Mr. Douglass smiled. “Yes, well, given the fact that the British have outlawed slavery for close to a quarter-century now, it might not be a bad thing to be a British subject.”
For many hours, long into the afternoon, the two men went back and forth, first one making his argument, citing precedent and pointing to principle for support, and then the other. Shields Green and I listened first to one, then to the other, and said nothing: we were like children listening to their parents argue over a matter that, for good or evil, would shape all their lives to come and wishing that both parents could be right. Mr. Douglass would speak for a while, marshaling his arguments with care and generosity towards Father, with sympathetic understanding of the Old Man’s objectives and firm disapproval of his means, not on principle but for practical reasons only; and Shields and I would nod, as if thinking, yes, Harpers Ferry is a steel trap, we will get in and never be able to get out, and if by some miracle we do fight our way through the outraged townspeople and avoid being cut to pieces by the local militiamen as we flee the Shenandoah Valley into the wilderness, then, yes, the federal army will be arrayed against us and will in a short while cut us off in our mountain retreat and will lay down a siege from which our only escape will be death by starvation or a bullet, and, yes, our raid and the mere threat of the slave rebellion it poses will bring down upon the head of every Negro in the South untold suffering, lynchings, mutilations, chains, for the worst sort of oppression imaginable would be the inevitable consequence of raising fear of a slave revolt in the hearts of white Southerners, and, yes, the Northern whites will not come to our aid, for they will never go to war against their white brethren in the defense of black people and a handful of white radical abolitionists: it is an absurd plan, absurd, and cruel beyond belief.
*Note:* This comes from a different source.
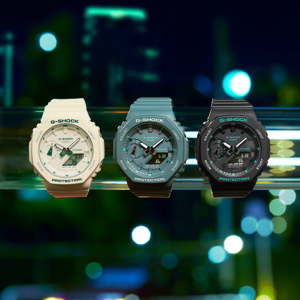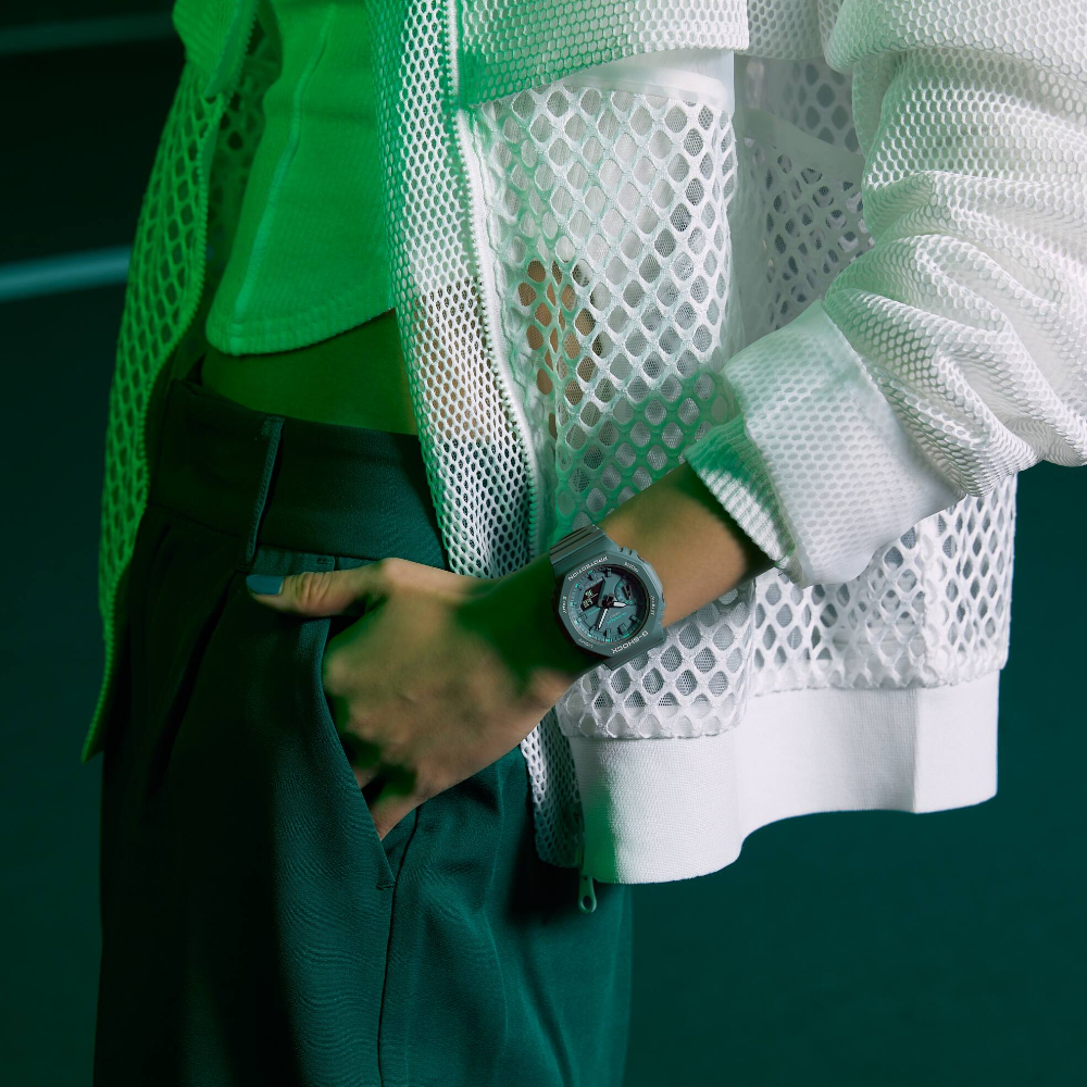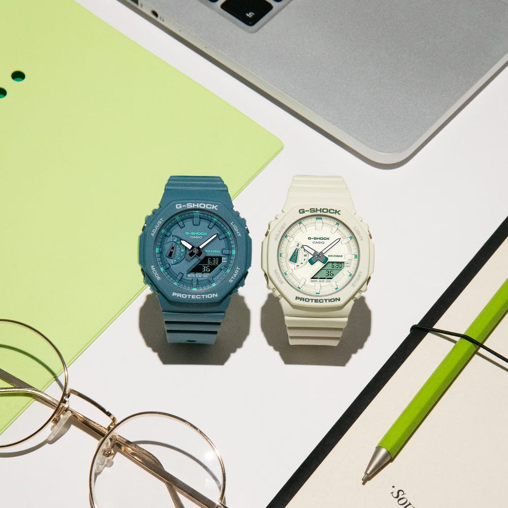 Go stylish and comfortable with the slimmer, more compact analog-digital watch featuring modern green accents. The flat face and simple bar index marks come together in a streamlined, satisfying design. An original spin in on-trend green for details like the logo, index mark, and LCD makes this watch a perfect street fashion accessory.

Then, as the sun passed overhead and moved towards the western Pennsylvania hills, and the shadows of the rock that surrounded us grew long, Father would commence to answer, and now Shields and I nodded in support of his reasoning, too, saying to ourselves, yes, we can take the town by surprise and hold it by means of hostages long enough to capture sufficient weaponry to arm the hundreds, perhaps thousands, of slaves who will surely seize the opportunity to rise against their masters, once they know they are being led by men they trust as warriors and as men of principle, and, yes, we can flee to safety in the densely forested mountains of the South, and with a hundred bands of disciplined, well-armed, guerilla fighters we can hold off any army for months, even years, during which time our ranks will swell to such numbers that the Southern states, just to restore their economy, will make peace with their workers, for is that not, after all, who has gone to war against them, their workers?
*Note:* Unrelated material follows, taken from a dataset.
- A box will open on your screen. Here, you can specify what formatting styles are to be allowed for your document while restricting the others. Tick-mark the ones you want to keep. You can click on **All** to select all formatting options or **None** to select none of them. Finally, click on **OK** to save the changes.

“In the end, Frederick, it’s right principles and simple economics that will settle this thing in our favor,” Father said, and I could not disagree.
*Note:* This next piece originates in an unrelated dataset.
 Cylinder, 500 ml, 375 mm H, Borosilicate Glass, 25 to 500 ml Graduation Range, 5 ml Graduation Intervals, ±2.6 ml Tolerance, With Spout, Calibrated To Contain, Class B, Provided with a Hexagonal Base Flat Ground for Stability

Until Mr. Douglass, in his low, melodious, melancholy voice, answered, “No, John. It’s race that will settle it. And it will settle it against us. Race and simple arithmetic. Not principles and not economics. Simply put, there are more of you in this country than of us. This is not Haiti or Jamaica, and the northern United States are not a separate nation than the southern United States. It’s race, John. Skin color and hair and physiognomy. You say us, John, and you mean all Americans willing to go to war to end slavery. But every other American who says us means race, means us white people, or us Negroes. You are a noble, good man. But you are nearly alone in this country. Even me, when I say us, I mean we Negroes.”